Più del 30% degli italiani sopra i 65 anni soffre di dolori legati ad artrosi. Una patologia legata ad un danno delle articolazioni che non dipende soltanto dall’invecchiamento ma si associa ad altri fattori di rischio. 

“Il primo di questi, purtroppo non modificabile, è la familiarità, quindi la presenza in famiglia di altri casi di artrosi, e anche il genere femminile, le donne, infatti, tendono a sviluppare un quadro di artrosi più precoce e severo rispetto agli uomini.

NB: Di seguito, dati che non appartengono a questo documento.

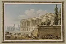 L'architecte Nicolas Lenoir construit dans l’îlot du nord un ensemble de cent travées de sept niveaux sous une forte corniche dorique qui impressionne par son austérité et sa monumentalité. Au sud se trouve l'hôtel d'Angiviller et ses jardins, sur l'emplacement de l'ancien hôtel de Cipierre, d'Argenson et de Conti[2]. Une décision ministérielle du 17 brumaire an XI (1802), signée Chaptal, fixe la largeur de la rue à 10 mètres.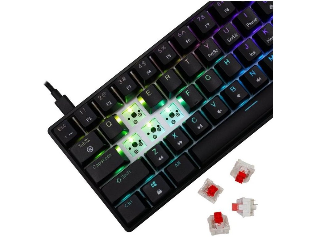 Každá klávesa je individuálně podsvícena RGB LED diodami, které umožňují přizpůsobení barev podle vašich preferencí.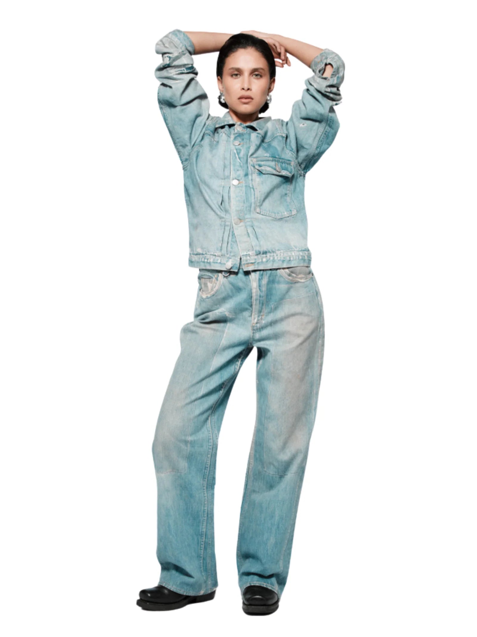 The Coco Relaxed Jean offers a high-rise waist and an open top block, giving the wearer the freedom to personalise the fit. The Digital Print on the denim lends to a distressed look (with absolutely no distressing as it is a digital print - clever!), and is finished with a Light Vintage Indigo Wash.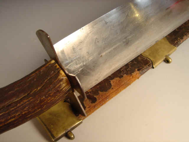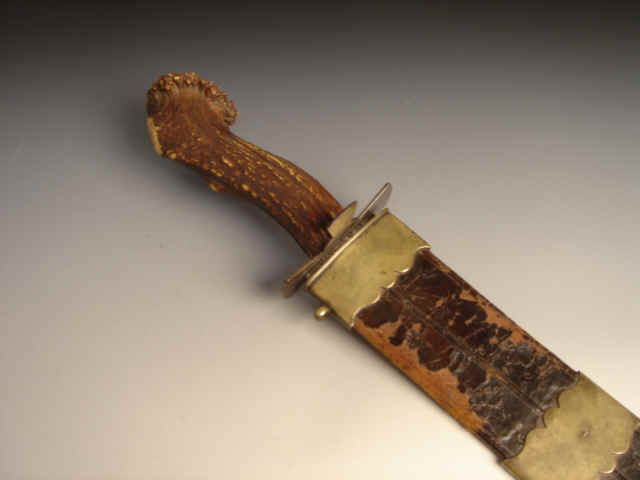 cross style crossguard with rounded edges. The single piece grip appears to be of elk

Un fattore di rischio su cui, invece, è possibile intervenire è il peso: obesità e sovrappeso aumentano la possibilità di artrosi”, spiega il professor Carlo Selmi responsabile di Reumatologia e Immunologia Clinica in Humanitas e docente di Humanitas University, intervistato da Elisir su Rai3.

Il principale sintomo dellartrosi: il dolore alle articolazioni

“Il principale criterio che permette di riconoscere l’artrosi è il dolore alle articolazioni, principalmente legato al loro utilizzo o al carico e associato a una breve rigidità mattutina, per esempio alle dita della mano, che impedisce di impugnare correttamente una penna. Se però questo tipo di rigidità si prolunga oltre i 30-60 minuti, allora potrebbe far sospettare la presenza di una malattia infiammatoria, come l’artrite, e non degenerativa, come l’artrosi”, continua il professor Selmi.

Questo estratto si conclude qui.